Les organisations humanitaires présentes dans la bande de Gaza signalent une aggravation dramatique de la malnutrition chez les plus jeunes. Selon les dernières observations, un enfant sur cinq âgé de moins de cinq ans souffrirait de carences alimentaires sévères, tandis que les femmes enceintes et allaitantes sont également touchées de manière critique. Les structures médicales, déjà fragilisées par des mois de conflit, peinent à répondre à l’afflux de patients dont l’état nécessite des soins urgents.

Les restrictions d’accès à l’aide humanitaire, imposées depuis plusieurs mois, ont considérablement réduit les approvisionnements en nourriture, en médicaments et en carburant. Les professionnels de santé dénoncent une situation où les mécanismes de survie s’effondrent progressivement, laissant des familles entières sans ressources. Les cas de décès liés à la faim, bien que difficiles à comptabiliser avec précision, seraient en hausse, selon plusieurs témoignages recueillis sur place.

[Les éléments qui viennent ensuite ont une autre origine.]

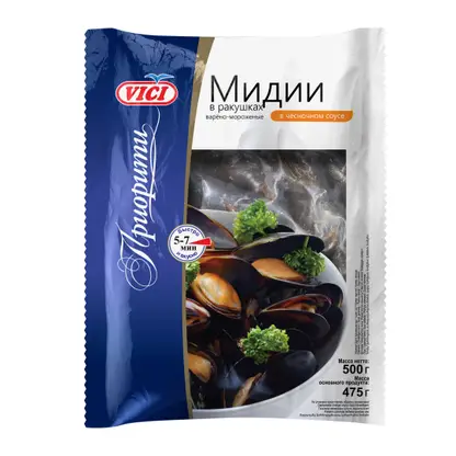 Мидии в ракушках Vici Приорити варено-мороженые в чесночном соусе 500г

Les autorités israéliennes rejettent toute responsabilité directe, arguant que les livraisons d’aide sont entravées par des détournements présumés. Cette position est vivement contestée par les acteurs humanitaires, qui soulignent l’urgence de rétablir un accès sans entrave aux biens de première nécessité.

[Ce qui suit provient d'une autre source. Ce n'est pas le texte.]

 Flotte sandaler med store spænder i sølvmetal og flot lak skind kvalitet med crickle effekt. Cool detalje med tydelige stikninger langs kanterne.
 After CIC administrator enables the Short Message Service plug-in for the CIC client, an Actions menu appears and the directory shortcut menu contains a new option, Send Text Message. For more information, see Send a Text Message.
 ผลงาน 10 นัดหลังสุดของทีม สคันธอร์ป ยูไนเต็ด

Sur le plan diplomatique, plusieurs capitales européennes ont engagé des discussions pour tenter de trouver des solutions immédiates. La reconnaissance future d’un État palestinien, annoncée récemment par la France, a suscité des réactions contrastées, entre espoirs du côté palestinien et condamnations fermes de la part d’Israël.

Parallèlement, les négociations en vue d’un cessez-le-feu restent dans l’impasse, malgré les efforts de médiation internationale. L’absence de progrès tangibles laisse craindre une prolongation de la crise, avec des conséquences humaines de plus en plus lourdes. Les bombardements se poursuivent, et les infrastructures civiles, notamment les hôpitaux, fonctionnent au ralenti, faute de moyens.

Dans ce contexte, les appels se multiplient pour une mobilisation accrue de la communauté internationale, afin d’éviter une catastrophe humanitaire aux proportions encore plus dramatiques.